---------- DATA FOR THIS EXERCISE

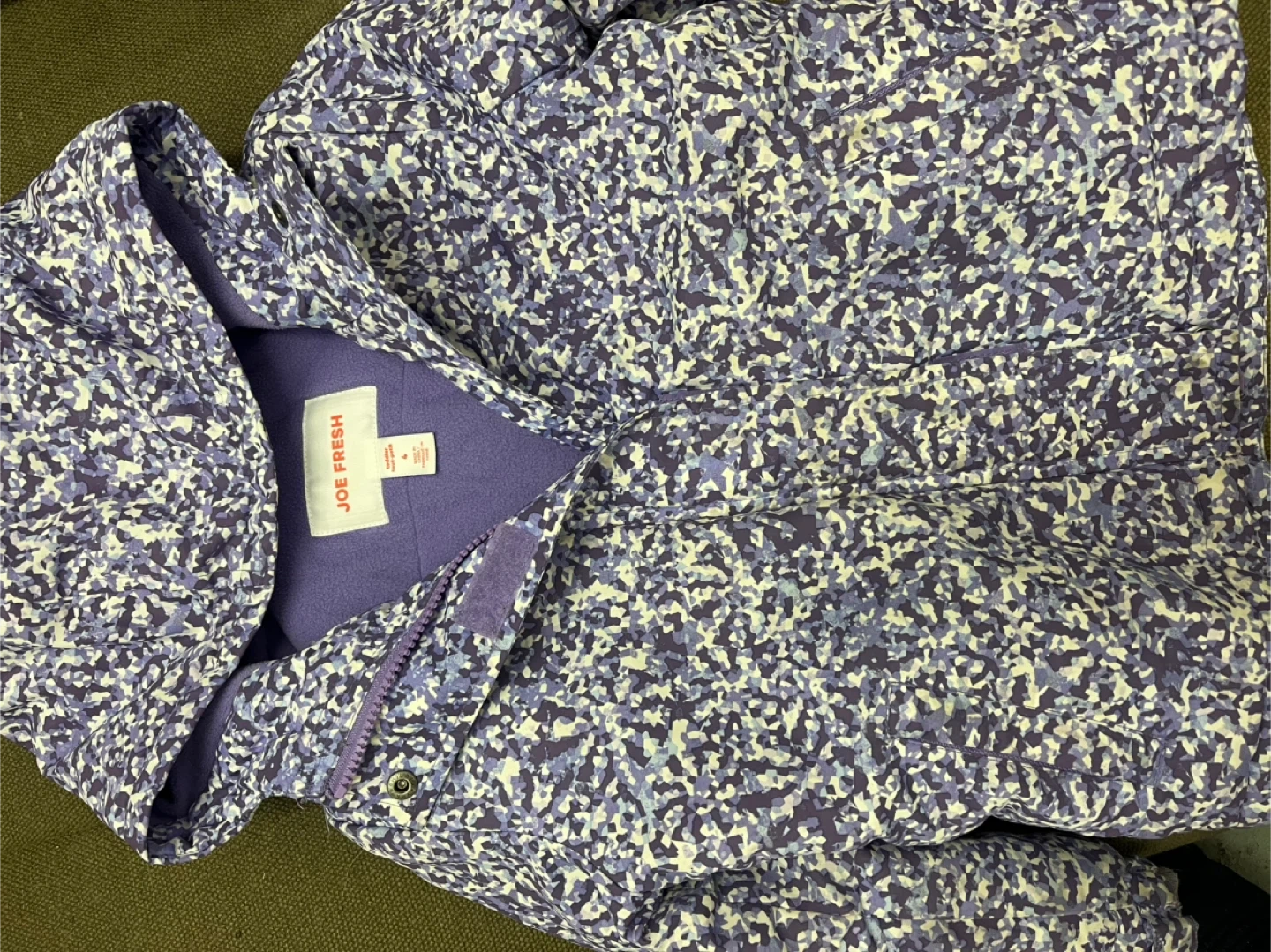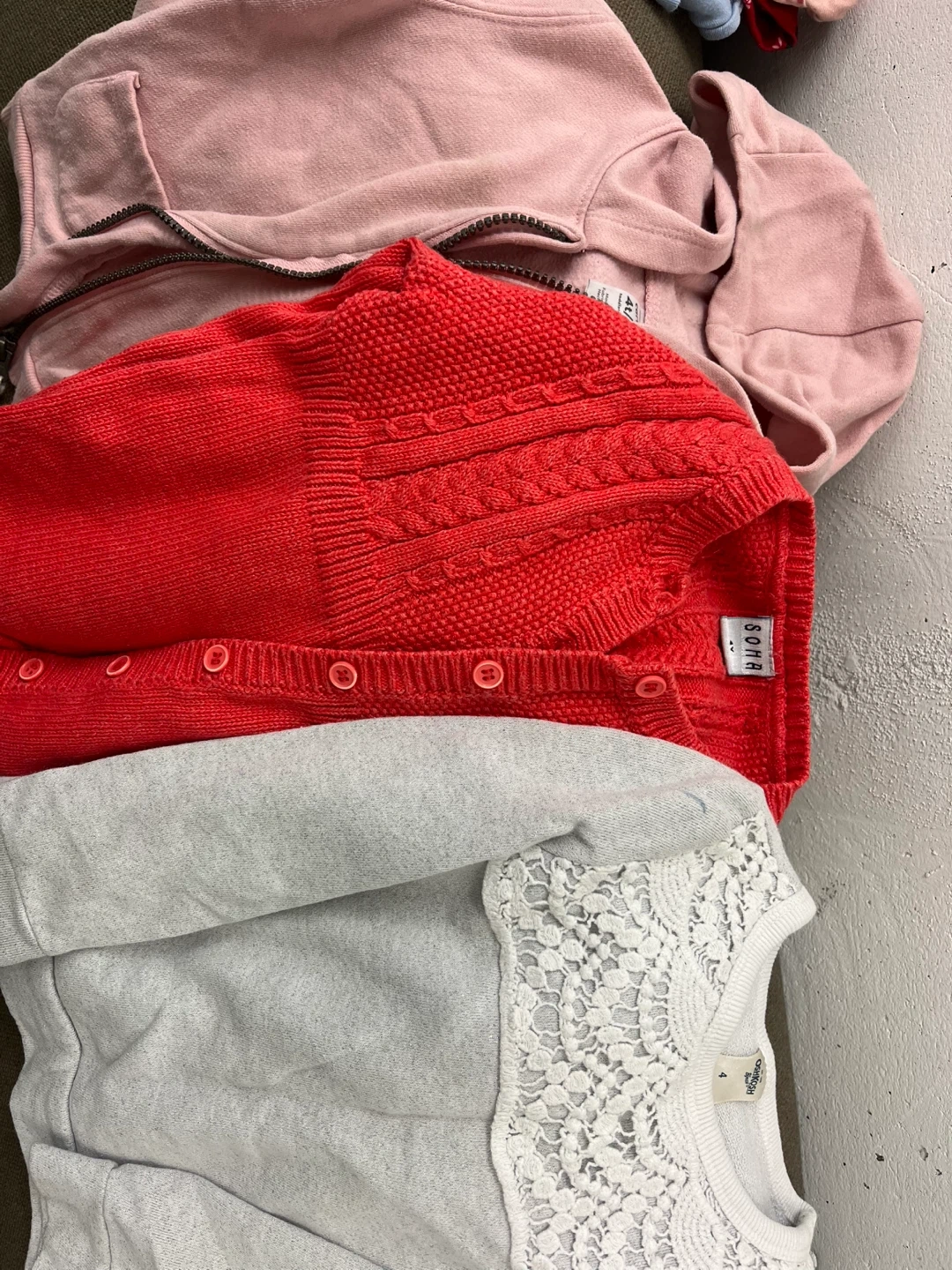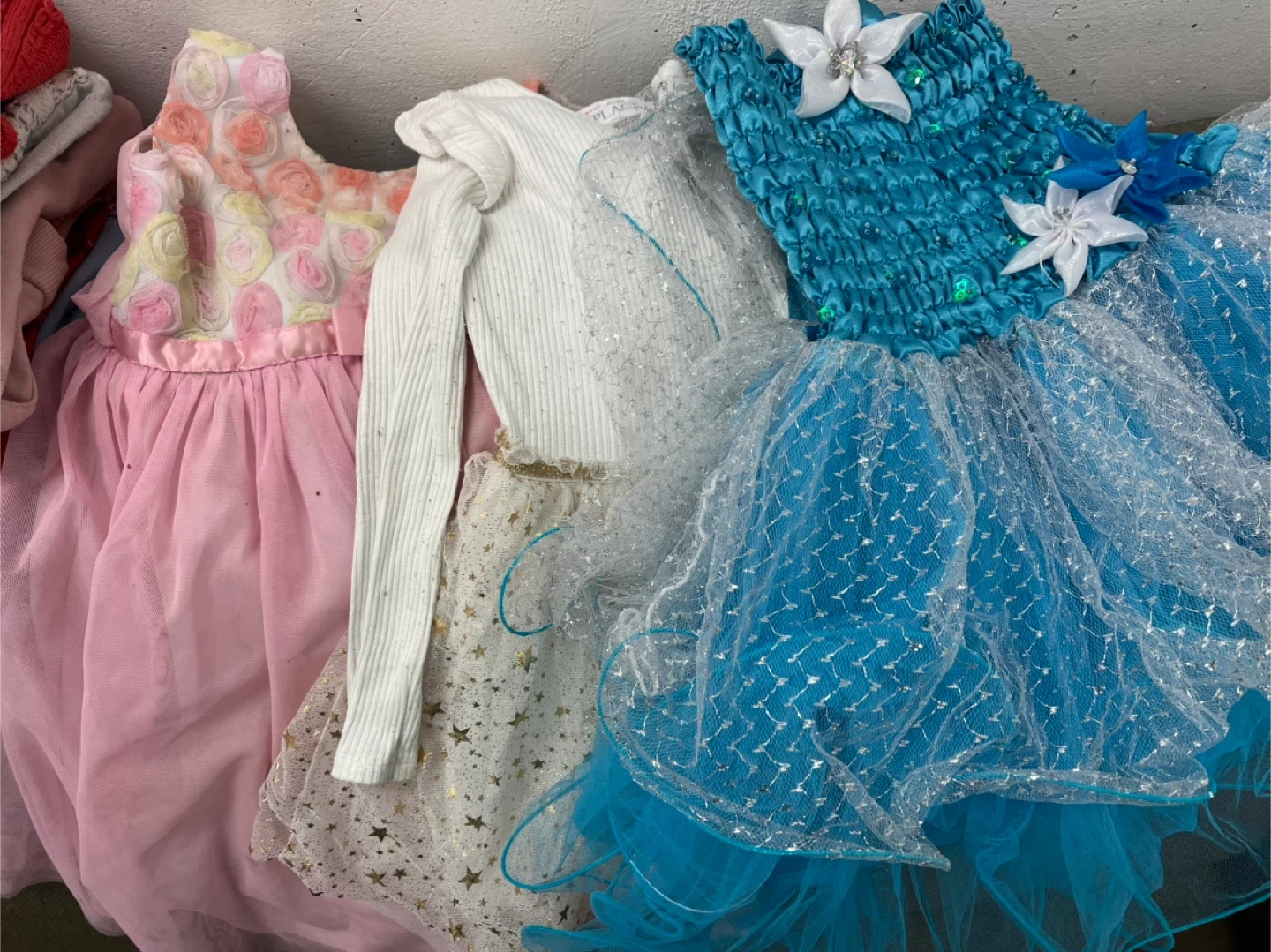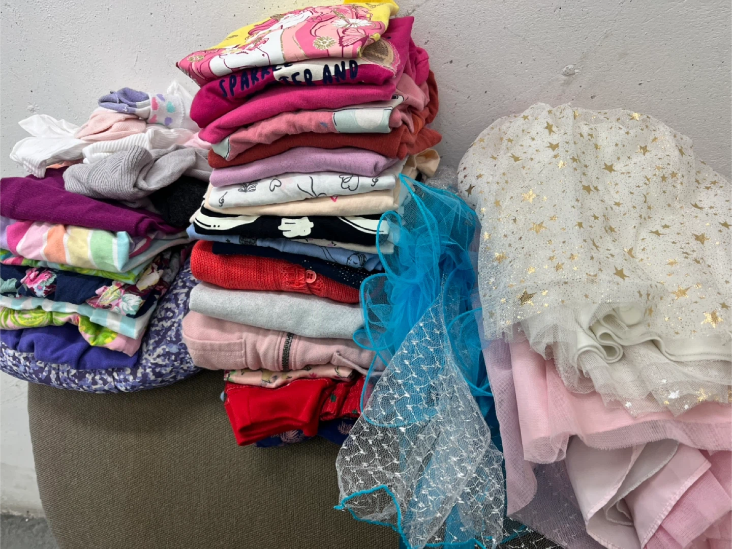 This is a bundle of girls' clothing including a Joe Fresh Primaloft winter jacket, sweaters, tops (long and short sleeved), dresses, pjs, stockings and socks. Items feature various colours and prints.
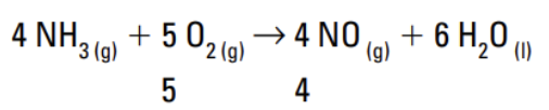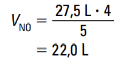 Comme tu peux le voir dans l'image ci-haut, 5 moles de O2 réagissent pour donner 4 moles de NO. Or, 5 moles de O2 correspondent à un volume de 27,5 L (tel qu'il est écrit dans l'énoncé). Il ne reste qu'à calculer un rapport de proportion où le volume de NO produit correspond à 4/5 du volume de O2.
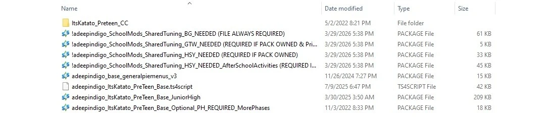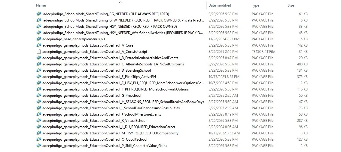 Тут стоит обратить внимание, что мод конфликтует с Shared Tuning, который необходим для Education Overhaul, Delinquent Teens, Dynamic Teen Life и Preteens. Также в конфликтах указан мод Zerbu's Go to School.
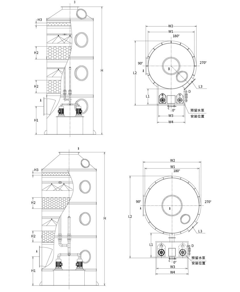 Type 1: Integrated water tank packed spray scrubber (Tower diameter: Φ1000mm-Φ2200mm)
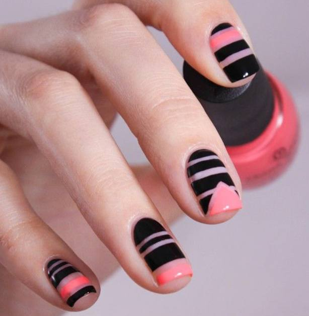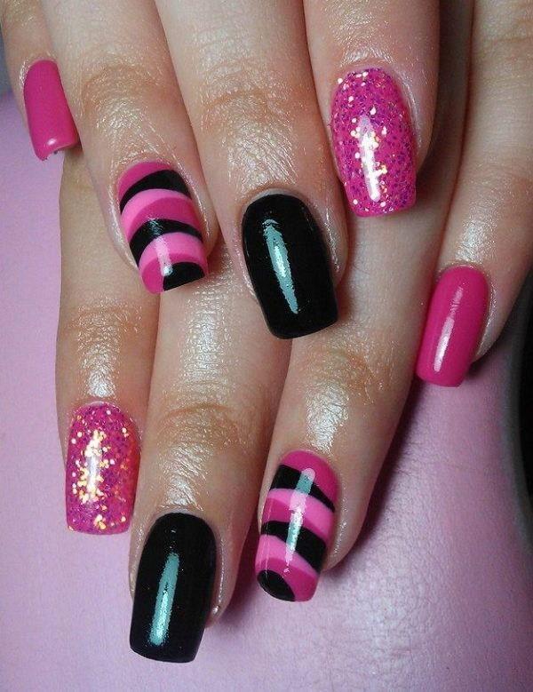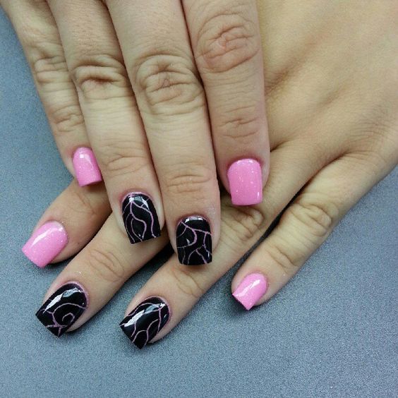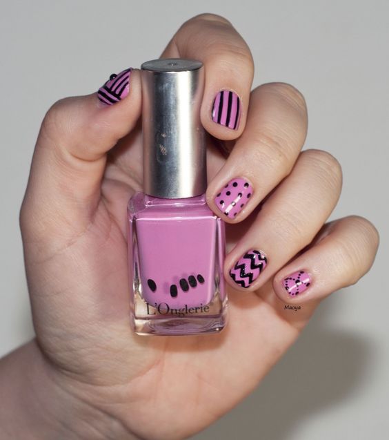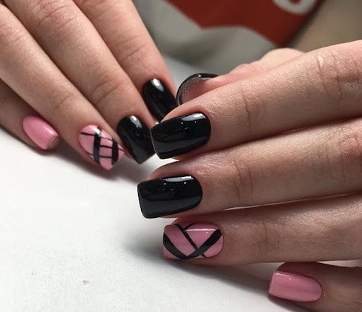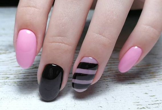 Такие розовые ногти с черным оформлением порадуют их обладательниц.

--------------------

TASK DETAILS |
Each line from the one that holds "Type 1: Integrated" through the end of the material should be repeated exactly, and nothing more. Leave out any picture.

COMPLETED EXERCISE |
 Type 1: Integrated water tank packed spray scrubber (Tower diameter: Φ1000mm-Φ2200mm)
 Такие розовые ногти с черным оформлением порадуют их обладательниц.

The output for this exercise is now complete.